» **EXERCISE BRIEF**: Only the pictures stay out; every record is to be quoted exactly.

» **MATERIAL SHOWN**:
'''
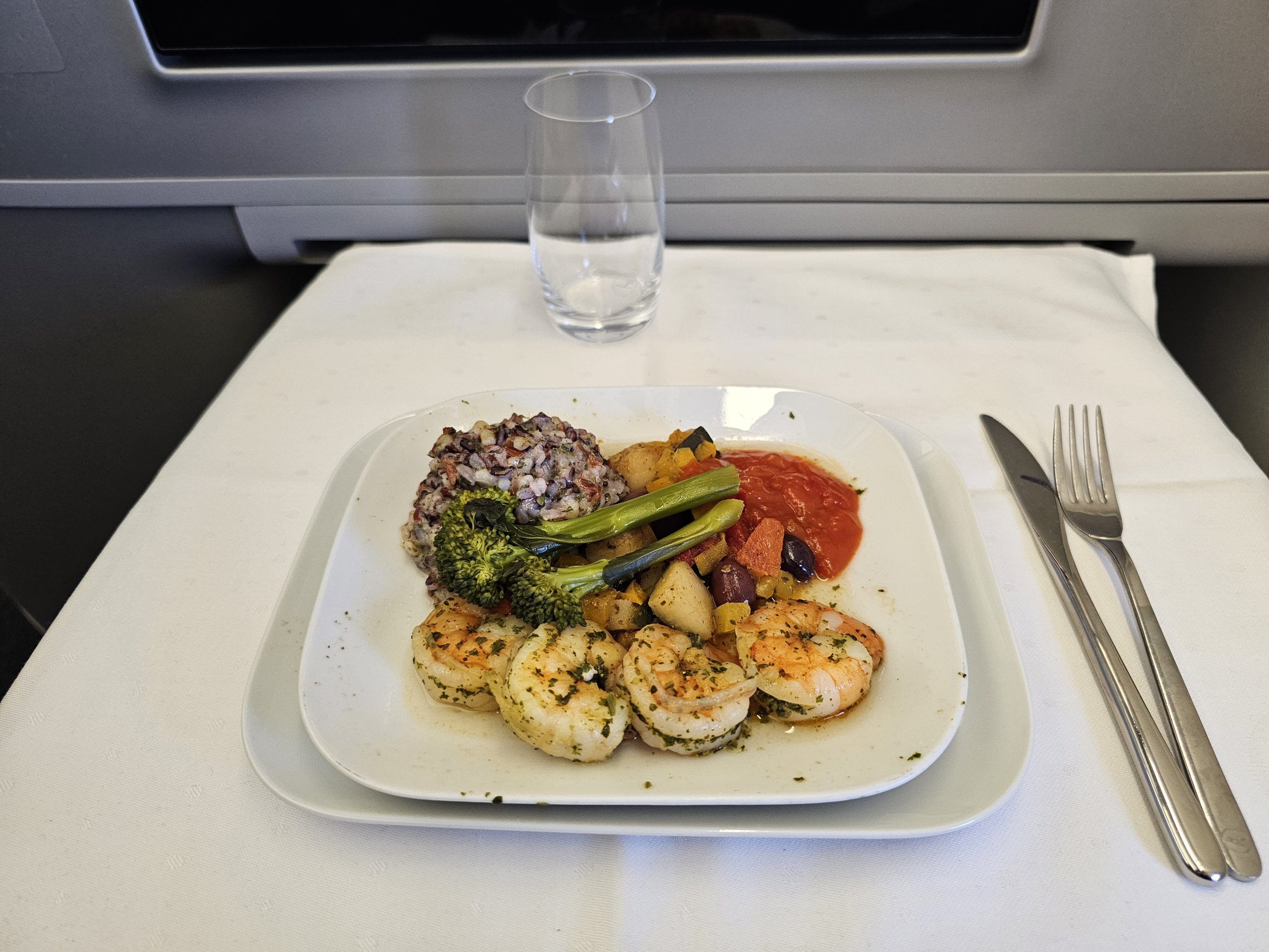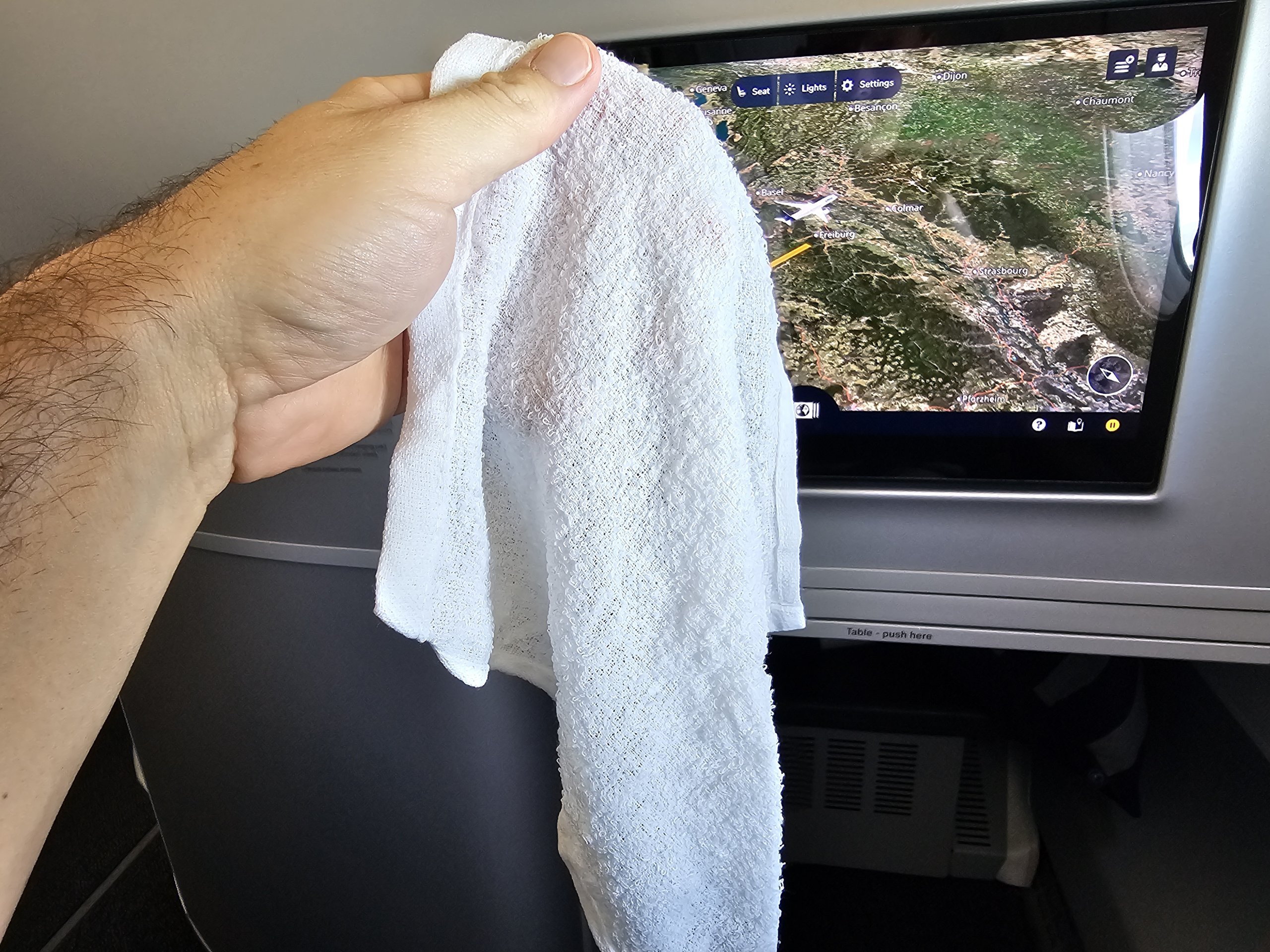 Huvudrätten anländer ungefär en timme efter start. Före måltiden får vi den traditionella varma våta servetten, som delas ut en gång till före landningen.
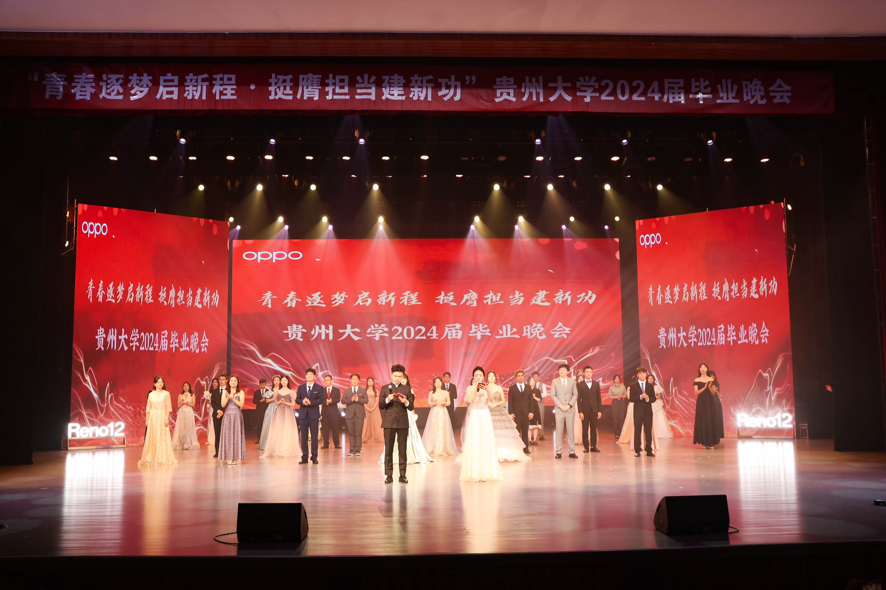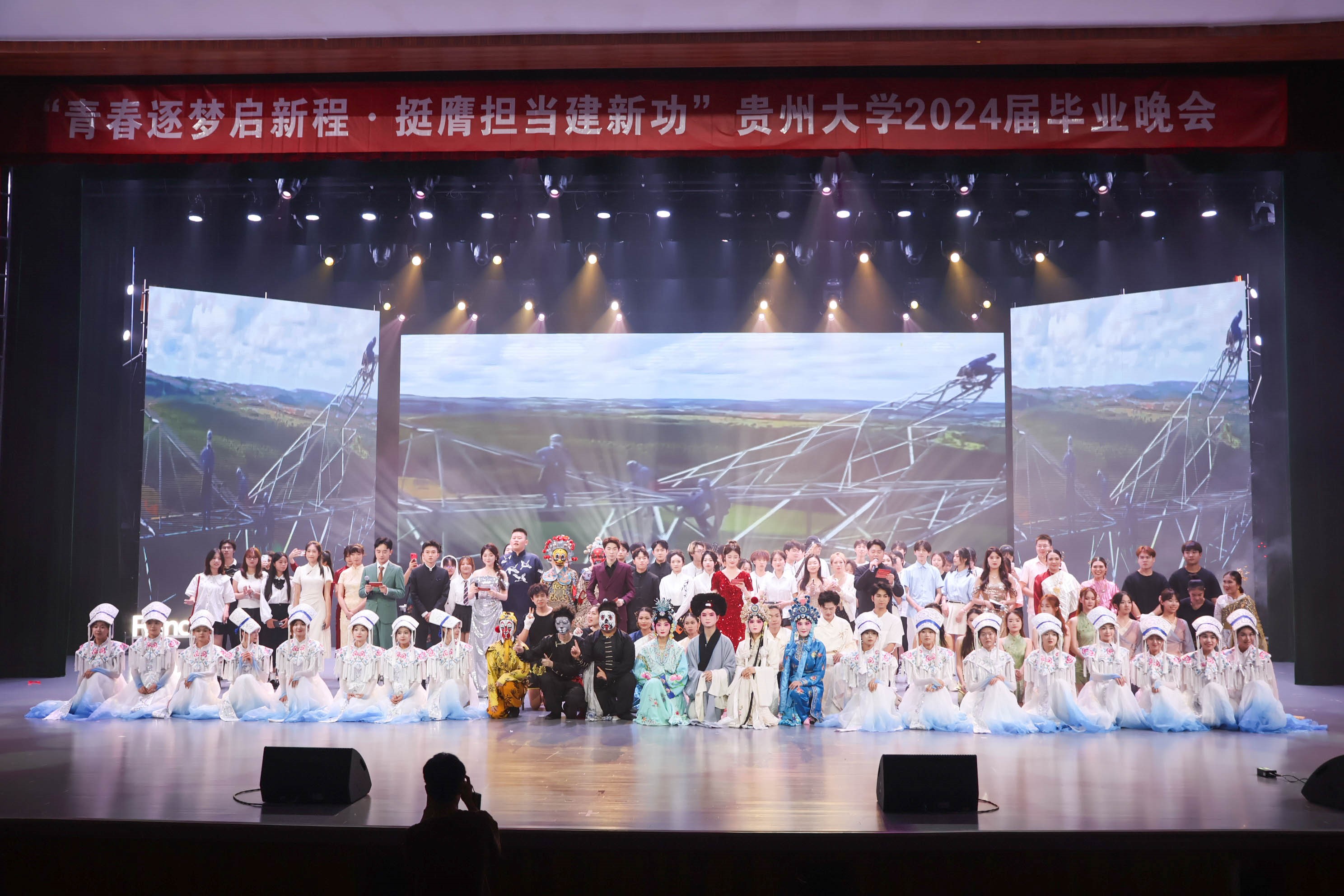 团委网站讯(记者 申雪 徐再 简莎莎 报道 | 摄影 曾忠华)心怀梦想,奔赴远方。6月18日,贵州大学2024届毕业晚会在西校区溪山剧场成功举行。本次晚会以“青春逐梦启新航,挺膺担当建新功”为主题,以逐梦、启程、建功三个篇章串联,涵盖了歌舞、戏曲、朗诵、小品等多种艺术形式,现场1000余名师生欢聚一堂,共同度过了一个难忘的夜晚。
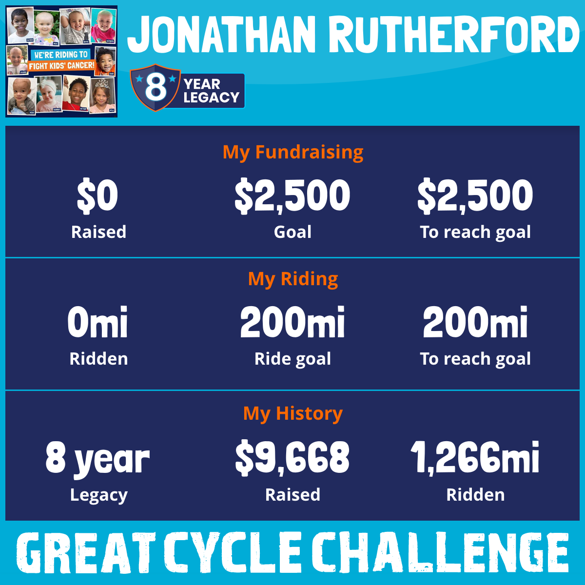 So I am raising funds through my challenge to help these kids and support Children's Cancer Research Fund to allow them to continue their work to develop lifesaving treatments and find a cure for childhood cancer.
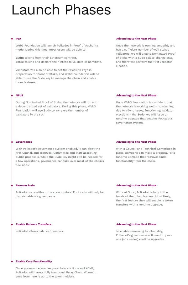 主要分為POA、NPoS、治理、移除SuDo、啟動轉賬&核心功能六個階段。
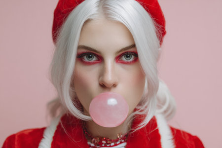 A young woman with white hair poses confidently while blowing a bubblegum bubble. She wears a Christmas outfit with red accents and has red eyeshadow and lipstick.
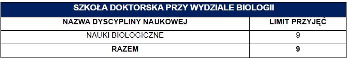 Limit przyjęć do Szkoły Doktorskiej przy Wydziale Biologii/ Admission limit for the Doctoral School at the Faculty of Biology
'''
» **TASK SOLUTION**:
 Huvudrätten anländer ungefär en timme efter start. Före måltiden får vi den traditionella varma våta servetten, som delas ut en gång till före landningen.
 团委网站讯(记者 申雪 徐再 简莎莎 报道 | 摄影 曾忠华)心怀梦想,奔赴远方。6月18日,贵州大学2024届毕业晚会在西校区溪山剧场成功举行。本次晚会以“青春逐梦启新航,挺膺担当建新功”为主题,以逐梦、启程、建功三个篇章串联,涵盖了歌舞、戏曲、朗诵、小品等多种艺术形式,现场1000余名师生欢聚一堂,共同度过了一个难忘的夜晚。
 So I am raising funds through my challenge to help these kids and support Children's Cancer Research Fund to allow them to continue their work to develop lifesaving treatments and find a cure for childhood cancer.
 主要分為POA、NPoS、治理、移除SuDo、啟動轉賬&核心功能六個階段。
 A young woman with white hair poses confidently while blowing a bubblegum bubble. She wears a Christmas outfit with red accents and has red eyeshadow and lipstick.
 Limit przyjęć do Szkoły Doktorskiej przy Wydziale Biologii/ Admission limit for the Doctoral School at the Faculty of Biology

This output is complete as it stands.